§ Action item
After locating the line that contains "Se continuiamo a", quote it and all lines after it through the end of the entries, and nothing more. Pictures stay out.

Segment Open

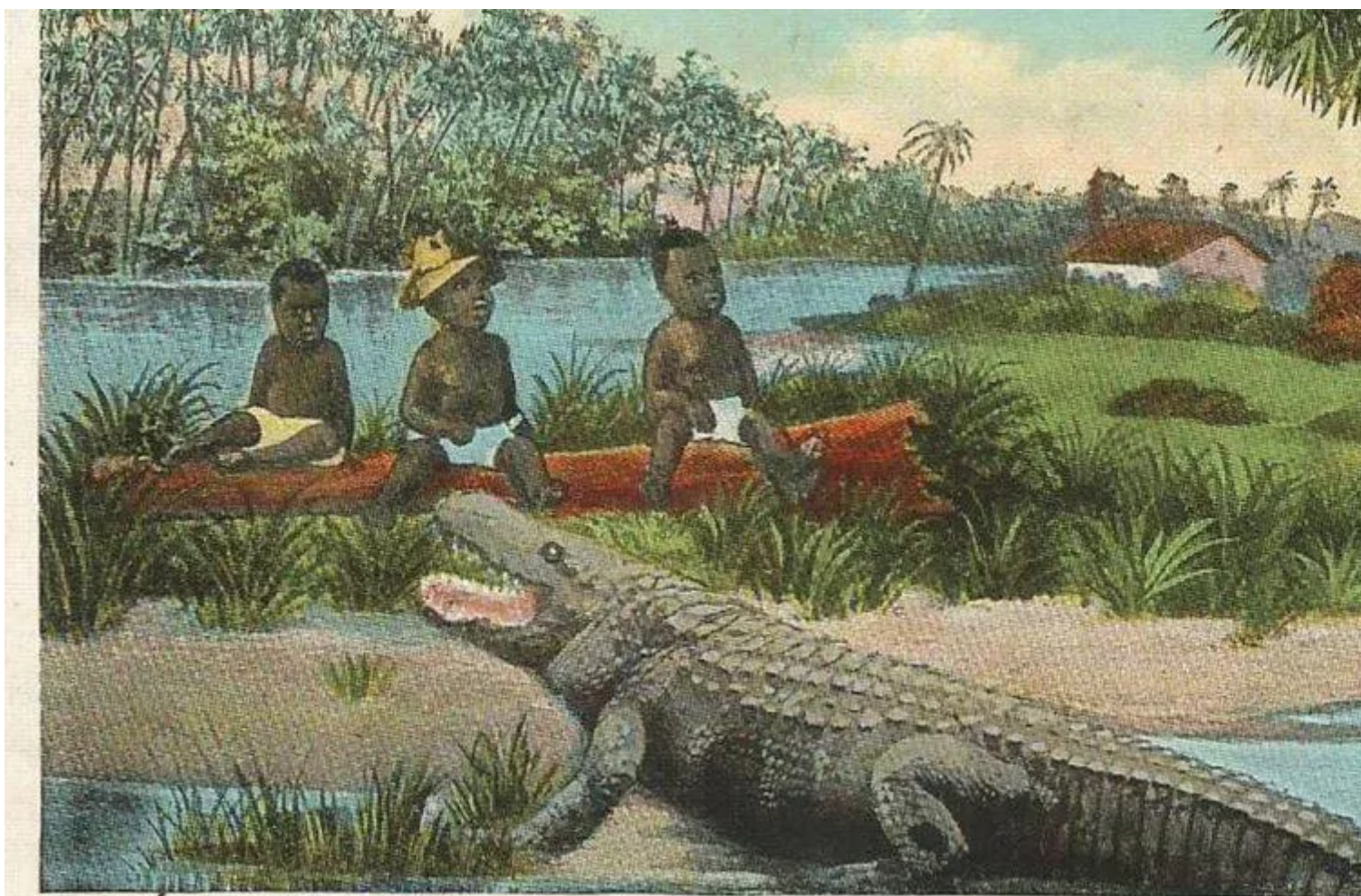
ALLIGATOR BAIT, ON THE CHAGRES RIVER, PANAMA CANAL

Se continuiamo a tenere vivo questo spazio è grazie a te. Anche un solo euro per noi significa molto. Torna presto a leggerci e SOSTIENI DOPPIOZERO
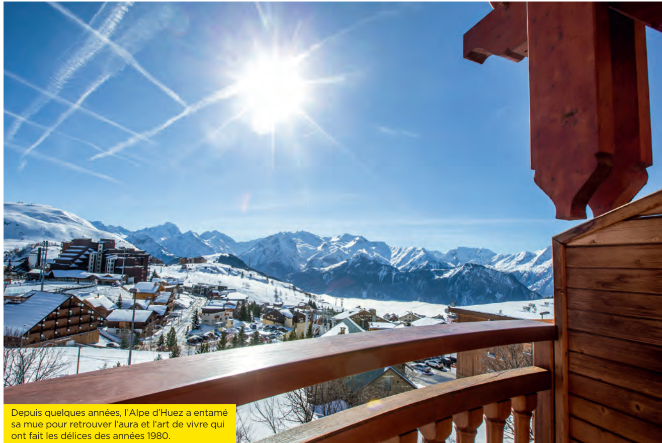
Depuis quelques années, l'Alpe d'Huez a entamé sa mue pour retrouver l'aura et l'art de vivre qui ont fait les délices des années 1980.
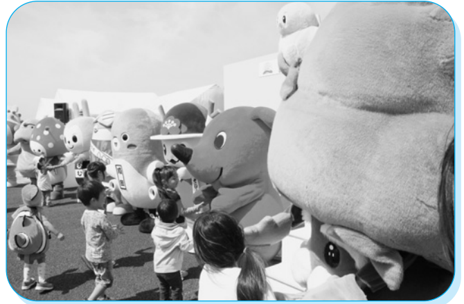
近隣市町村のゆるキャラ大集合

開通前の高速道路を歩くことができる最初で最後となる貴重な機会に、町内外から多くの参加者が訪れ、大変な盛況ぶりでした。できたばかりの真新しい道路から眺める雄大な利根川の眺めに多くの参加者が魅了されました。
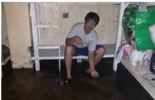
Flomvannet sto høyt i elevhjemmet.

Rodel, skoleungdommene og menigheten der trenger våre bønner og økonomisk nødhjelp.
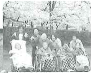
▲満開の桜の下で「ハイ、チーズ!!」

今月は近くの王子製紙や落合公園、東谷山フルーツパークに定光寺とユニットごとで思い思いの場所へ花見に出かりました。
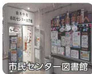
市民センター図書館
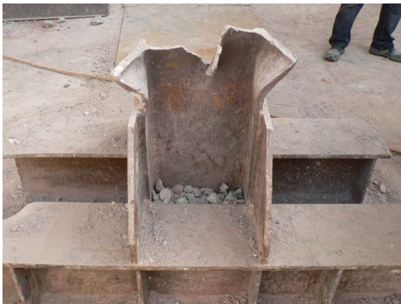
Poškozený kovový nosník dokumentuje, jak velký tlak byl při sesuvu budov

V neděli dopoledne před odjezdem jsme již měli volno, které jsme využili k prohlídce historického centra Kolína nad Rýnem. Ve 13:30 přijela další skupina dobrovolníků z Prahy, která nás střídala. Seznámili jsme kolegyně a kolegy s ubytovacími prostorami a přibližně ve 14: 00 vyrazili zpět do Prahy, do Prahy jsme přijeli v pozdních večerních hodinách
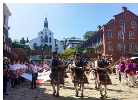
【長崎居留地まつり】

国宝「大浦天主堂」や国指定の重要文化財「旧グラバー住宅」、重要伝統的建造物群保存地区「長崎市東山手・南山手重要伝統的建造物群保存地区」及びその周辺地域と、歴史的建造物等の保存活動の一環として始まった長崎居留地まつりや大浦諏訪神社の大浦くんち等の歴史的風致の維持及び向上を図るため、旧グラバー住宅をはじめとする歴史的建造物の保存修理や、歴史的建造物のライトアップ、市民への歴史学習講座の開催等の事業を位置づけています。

Segment Closed

§ Exercise result
Se continuiamo a tenere vivo questo spazio è grazie a te. Anche un solo euro per noi significa molto. Torna presto a leggerci e SOSTIENI DOPPIOZERO
Depuis quelques années, l'Alpe d'Huez a entamé sa mue pour retrouver l'aura et l'art de vivre qui ont fait les délices des années 1980.
近隣市町村のゆるキャラ大集合

開通前の高速道路を歩くことができる最初で最後となる貴重な機会に、町内外から多くの参加者が訪れ、大変な盛況ぶりでした。できたばかりの真新しい道路から眺める雄大な利根川の眺めに多くの参加者が魅了されました。
Flomvannet sto høyt i elevhjemmet.

Rodel, skoleungdommene og menigheten der trenger våre bønner og økonomisk nødhjelp.
▲満開の桜の下で「ハイ、チーズ!!」

今月は近くの王子製紙や落合公園、東谷山フルーツパークに定光寺とユニットごとで思い思いの場所へ花見に出かりました。
市民センター図書館
Poškozený kovový nosník dokumentuje, jak velký tlak byl při sesuvu budov

V neděli dopoledne před odjezdem jsme již měli volno, které jsme využili k prohlídce historického centra Kolína nad Rýnem. Ve 13:30 přijela další skupina dobrovolníků z Prahy, která nás střídala. Seznámili jsme kolegyně a kolegy s ubytovacími prostorami a přibližně ve 14: 00 vyrazili zpět do Prahy, do Prahy jsme přijeli v pozdních večerních hodinách
【長崎居留地まつり】

国宝「大浦天主堂」や国指定の重要文化財「旧グラバー住宅」、重要伝統的建造物群保存地区「長崎市東山手・南山手重要伝統的建造物群保存地区」及びその周辺地域と、歴史的建造物等の保存活動の一環として始まった長崎居留地まつりや大浦諏訪神社の大浦くんち等の歴史的風致の維持及び向上を図るため、旧グラバー住宅をはじめとする歴史的建造物の保存修理や、歴史的建造物のライトアップ、市民への歴史学習講座の開催等の事業を位置づけています。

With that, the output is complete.